Sunday, 24 August 2008

Hope or despair in the Niger Delta

Having spent the past three days around the table with a small group of people in Abuja, all of whom are dedicated to improving life on the ground in a tangible way for the communities of the Niger Delta, I was startled to discover myself on the opposite end of the spectrum from one of my colleagues on the outlook for the Delta region. Specifically, I felt we disagreed on the prospects for meaningful change under the current federal administration.

My colleague, who has periodic interaction with ministerial contacts in Abuja, has over the last year got the sense that government folks are serious about change, and about improving the Delta. As such, it is not fair to paint them with the same brush as the preceding administrations. In essence, my colleague has taken the risk to feel optimistic. Perhaps cautiously optimistic, but optimistic nonetheless.

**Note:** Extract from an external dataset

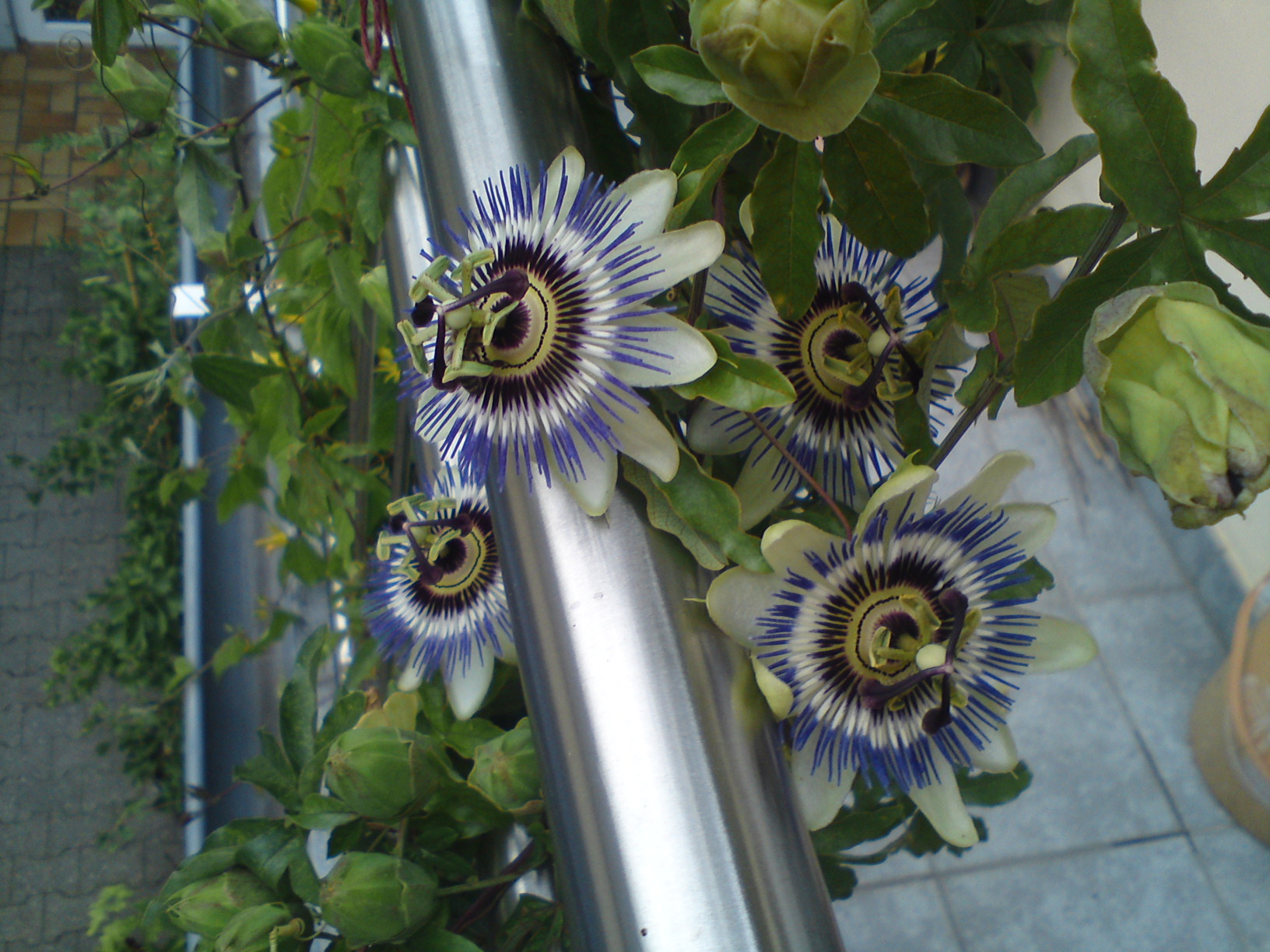 Fleißig sind P. 'adularis' und P. foetida: jeden Tag neue Blüten und noch viele Knospen. Von der P. foetida werd ich mich aber trennen - was soll ich mit einer Passi, die dann blüht, wenn ich noch schlafe und bereits verblüht ist, wenn ich aufstehe

For myself, I don't see it. The current administration has failed miserably to make any headway since coming to office in May 2007. President Yar'Adua, in order to recover from the massive and blatant electoral fraud which characterised the elections and destroyed his legitimacy, needed to make progress on two key issues that matter to the citizens. First, the government needed to make quick visible progress on the provision of electricity. However, the government has not only failed to improve on the situation it inherited last year, but in fact has overseen the further deterioration of the network. For a country swimming in oil revenues, for electricity generation to have plummeted from about 2000MW to under 900MW at one point this year is unacceptable. People all over the country are outraged, and justifiably so -- especially when the government appears more focused on ferreting out misuse of funds spent on this issue under the previous administration than on tackling the issue themselves.

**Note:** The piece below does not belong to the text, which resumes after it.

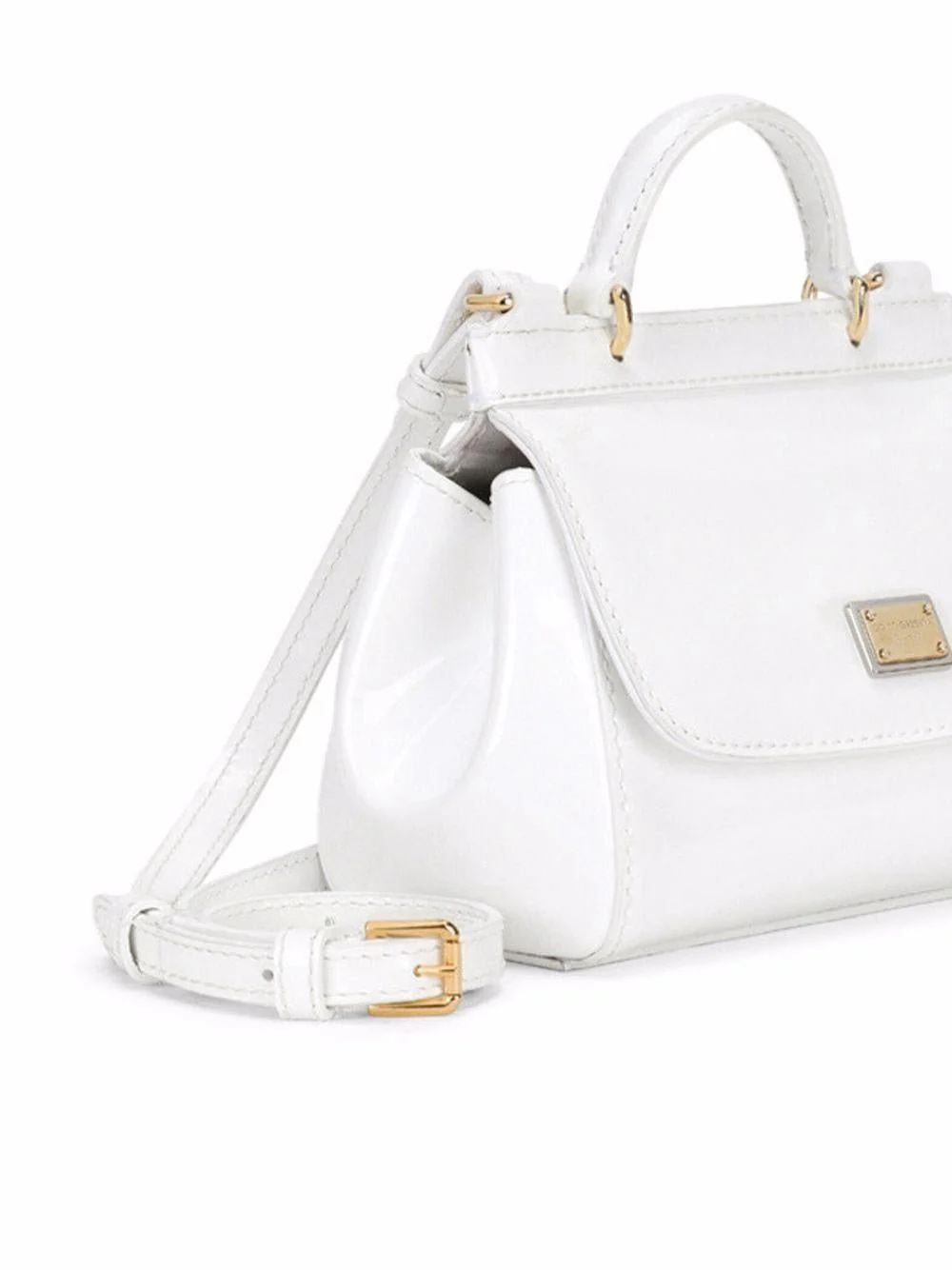 Borsa mini Sicily Dolce & Gabbana Kids, bianco, manica, tracolla regolabile e removibile, chiusura con calamita, scomparto unico, placca oro con logo sul davanti, fodera in seta.

The second issue was to deliver results on peace and security in the Niger Delta. After choosing a running mate from the Niger Delta, in a clear attempt to demonstrate commitment to the issue, Yar'Adua has made no headway. His initiative to organise a Niger Delta summit had already fundamentally failed by the end of 2007. During the first few months of 2008, it looked increasingly like the summit would simply be another talking shop for the familiar faces, and not even including all the stakeholders. By the middle of this year, the process was abandoned, after a controversial figure (Ibrahim Gambari, recently a UN special representative to Burma, but associated with the atrocities in the Delta region under the Abacha regime) was chosen to chair the summit. Yar'Adua appears now to have pulled back, and is considering his options for engagement with the region. Worse, he's managed to evoke a commitment from the UK for security cooperation in the region, which was widely interpreted in the region as evidence that London prioritises the security of the region's oil over the livelihoods and development of its people.

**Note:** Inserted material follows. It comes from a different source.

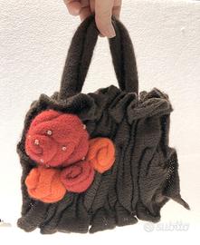 Borsa Vintage KONTESSA in maglia con lavorazione a mano. E' lavorata con motivi di pieghe e rose in nuances arancio e bordeaux molto carine in maglieria con ricamo a mano con strass cristallo. E' nuova mai usata.Manici in maglieria. E' una piccola borsa gioiello introvabile!! vedi misure e dettagli nelle immagini.

For those of us committed to promoting positive change, this situation presents a strong challenge. On the grassroots level, there is evidence of change. The board meeting which brought me to the region was for Stakeholder Democracy Network, an organisation that is making a difference on a small scale at a very local level. That in itself is reason to hope. But compared to the scale of the problem, it also makes clear the enormity of the challenge. I fear it won't be anytime soon that we can hang up our tools and congratulate ourselves on a job well done.

Nevertheless, it's worth the effort. The struggle is to maintain realism, without yielding to cynicism -- a challenge almost as daunting as the project itself.

Saturday, 16 August 2008

Developmental authoritarianism?

Fairly far below the radar in most of the world, a new chapter has opened in a lingering dispute between France and Rwanda. Amid the controversy surrounding potentially underage Chinese Olympic gymnasts and the fears that Russia's smackdown in Georgia signals a shift in Moscow's foreign policy, Kigali and Paris have resumed the battle for the dominant narrative surrounding the 1994 Rwandan genocide. Neither side is promoting an accurate historical narrative, rather one that suits their interests and agenda.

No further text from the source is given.